So-So© | An original piece by Briana Augustus
God, I'm so happy I'm sad.
I've reached and peaked so high, I feel low.
I'm tired of falling into the traps of "why" so instead I sit here. Please don't let me cry.
I felt it earlier and a few days before.
I chuckled myself silly until twinkling eyes grew sore and tears decided to be no more.
I'm so happy, God, I'm sad and oh, God, does it make me mad!
I refuse to ask why but my countenance refuses to lie. My spirit is light but my heart is heavy.
Open to joy but my brain plays coy. Toying with my emotions like a chemist with a promotion.
New life has been risen up but the old is fizzing up to the surface from a scarred-over incision.
Now I've got to make a decision, burn bridges to nowhere and let the ashes sizzle.
What is my mission.. I'm at point-blank range of clarity but
God, my concentration is shot, my focus is distraught -
My mind's a minefield, wired full of thoughts distilled and misfired wills.
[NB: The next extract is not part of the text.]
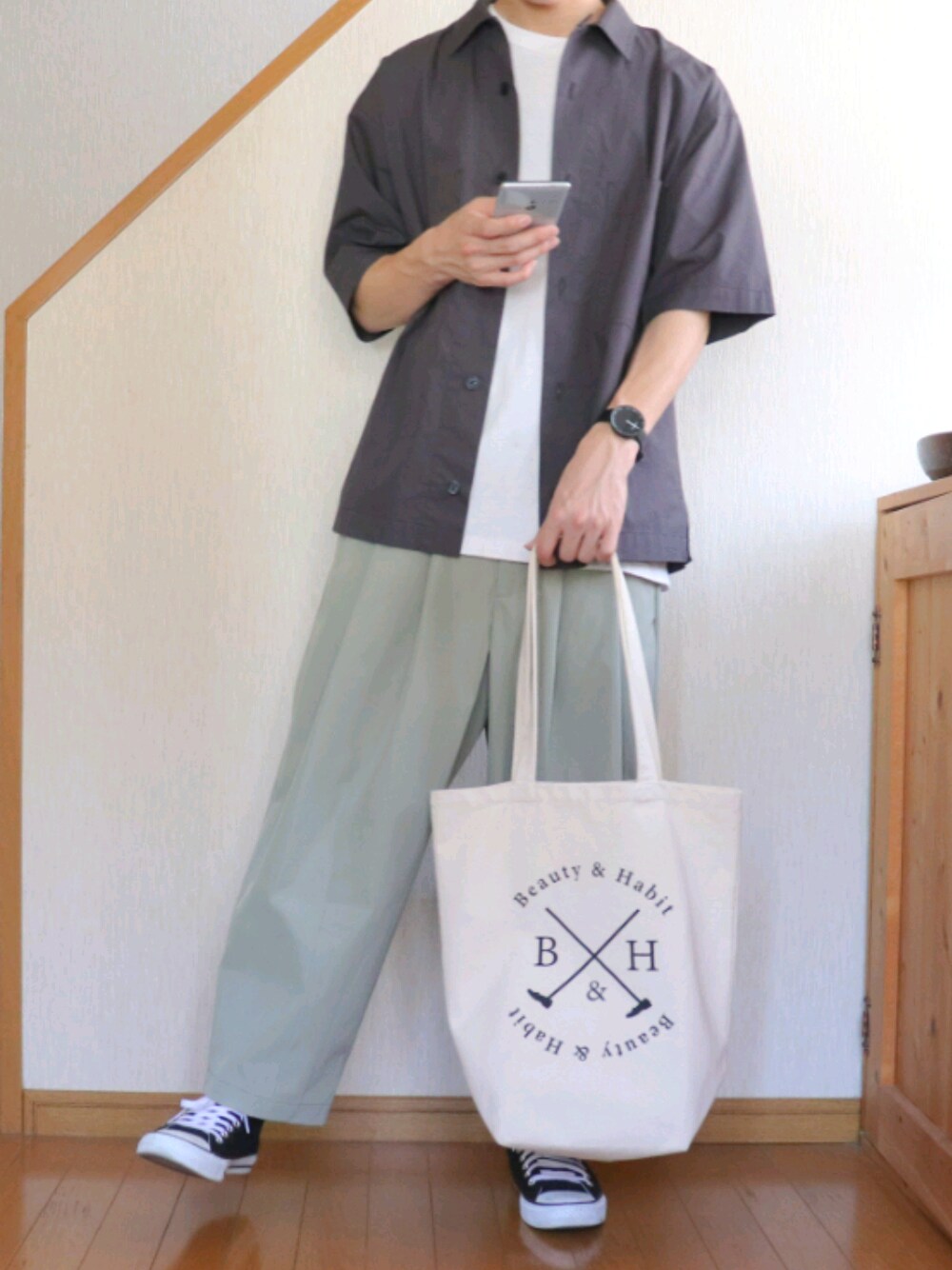 みなさんこんにちは~ いつも見ていただきありがとうございます🙏 remerコーデ③ シンプルにシャツと組んでおります このシャツ意外としっかりしていてかつ着やすいです 相変わらずくすみカラーが最高です◎
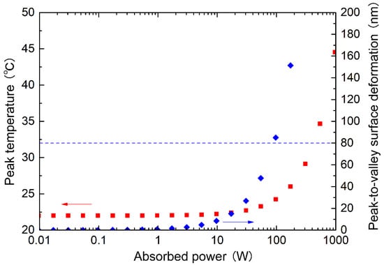 Calculated peak temperature (red square) and peak-to-valley surface deformation (blue diamond) for 50 × 27 × 4 cm SiC ceramic substrate. Dashed line shows the deformation limit (80 nm) of grating.

My brain loves throwing around words for thrills - it's always easier to build than repair what's there still,
But let's be real. I'm so happy, I'm sad.
Can't - no, won't - say I'm depressed. Too much stress is brought on when considering an embrace of that mess.
Although I'm 'all good' at best - God, I'm so blessed.
I feel low still, yes. But God, I'm so happy, I'm sad, and yet still so very blessed.